§ **Task goal**:
Set down all of the data that follows word for word, without the images.

--- Data excerpt ---

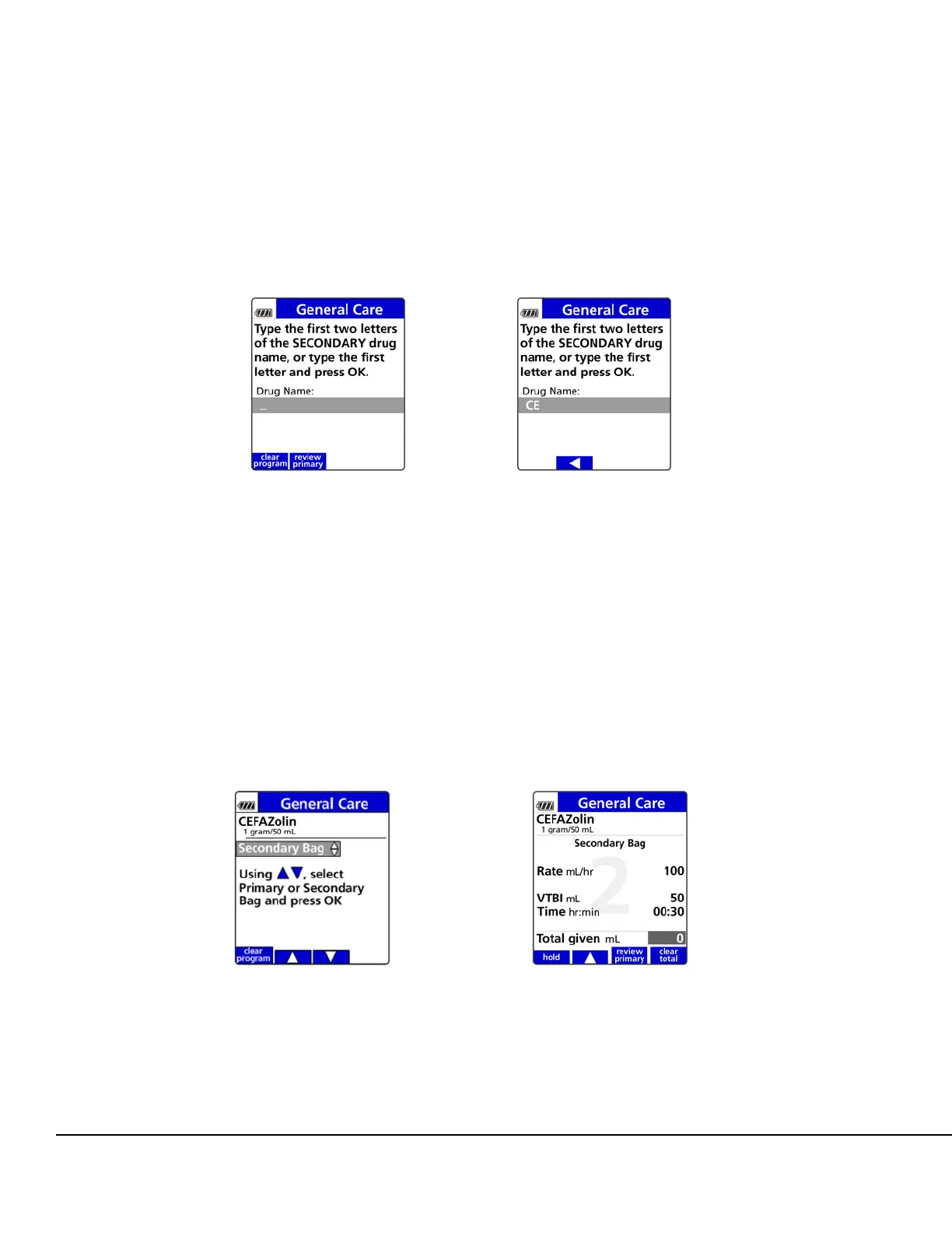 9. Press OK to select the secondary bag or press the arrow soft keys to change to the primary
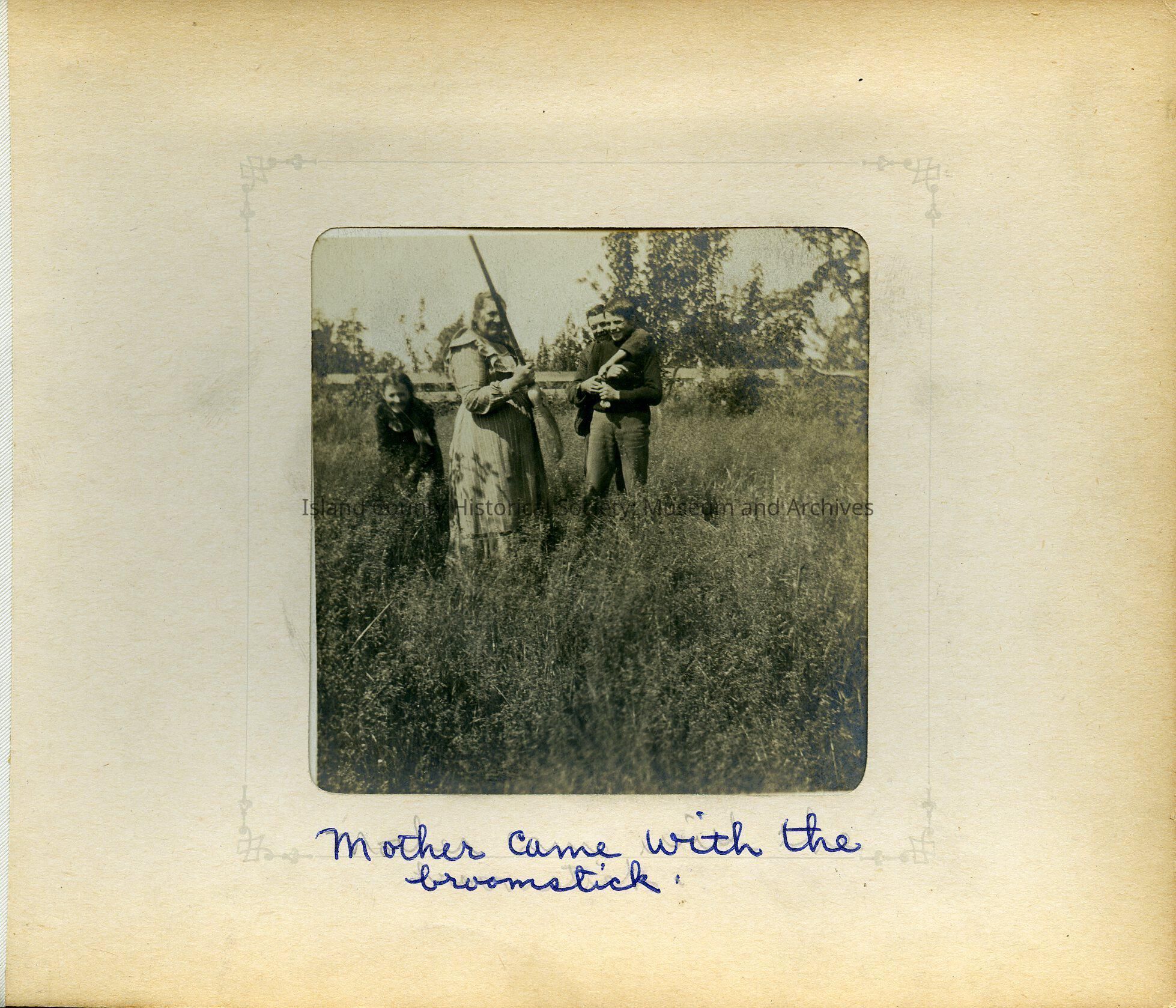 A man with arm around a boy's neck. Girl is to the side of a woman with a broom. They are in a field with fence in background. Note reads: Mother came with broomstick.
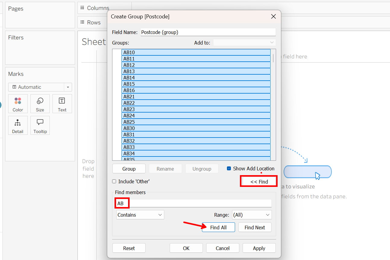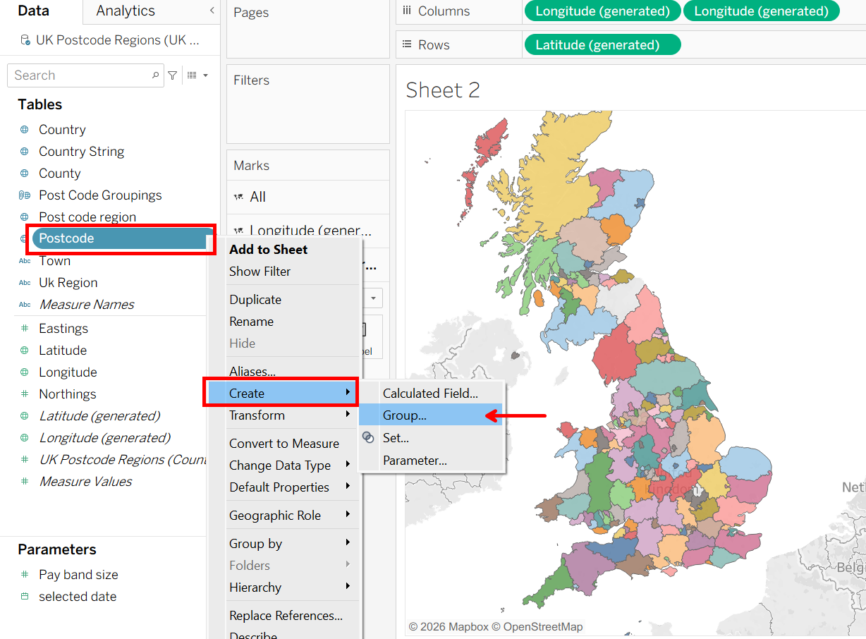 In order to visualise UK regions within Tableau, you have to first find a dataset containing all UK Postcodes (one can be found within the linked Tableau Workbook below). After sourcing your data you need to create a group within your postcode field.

---

§ **Answer section**:
 9. Press OK to select the secondary bag or press the arrow soft keys to change to the primary
 A man with arm around a boy's neck. Girl is to the side of a woman with a broom. They are in a field with fence in background. Note reads: Mother came with broomstick.
 In order to visualise UK regions within Tableau, you have to first find a dataset containing all UK Postcodes (one can be found within the linked Tableau Workbook below). After sourcing your data you need to create a group within your postcode field.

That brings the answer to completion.